The intrigue: The strike canceled 11 days of school, raising concerns about how learning time would be made up before the end of the school year.

  • Instead of winter vacation starting Dec. 16, it will begin Dec. 23. Presidents Day will be an instruction day, as will two other teacher planning days, according to Guerrero's statement. The school year will also be extended a few days later into June.
  • "I think the restart will look a lot like the beginning of school, with group activities and some processing," Linda White, a teacher at Sellwood Middle School, told The Oregonian. "I am probably not the only one who is a little uneasy about how to jump back in."
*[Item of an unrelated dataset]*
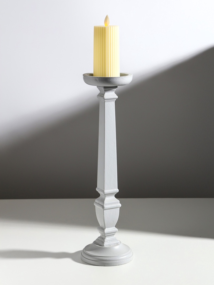 Деревянный подсвечник на 1 свечу «Пантеон», св. серый, 11.5×11.5×39.5 см 5 фото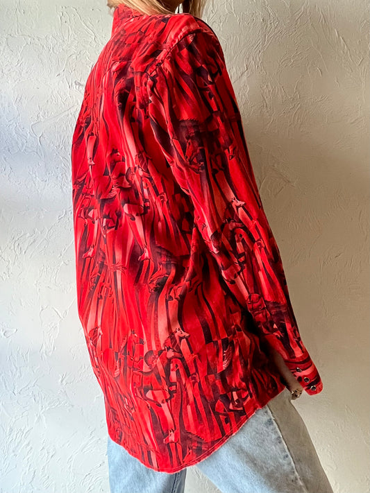 90s ‘Wrangler’ Abstract Horse Print Red Pearl Snap Shirt / Medium

Of note: Disagreements over class sizes and paid planning time were the final sticking points between the union and district officials.

  • The union initially stood firm on implementing caps to ensure smaller classes. However, over the weekend, members reversed and instead proposed "class size committees" — where teachers and administrators could form on an as-needed basis to solve issues regarding student load.

What's next: The tentative agreement is not official until the union's 3,500 members ratify the terms and the school board approves the full contract.

  • PAT members will vote on the contract by Tuesday evening, according to a union spokesperson, and a school board meeting is scheduled for 6pm Tuesday.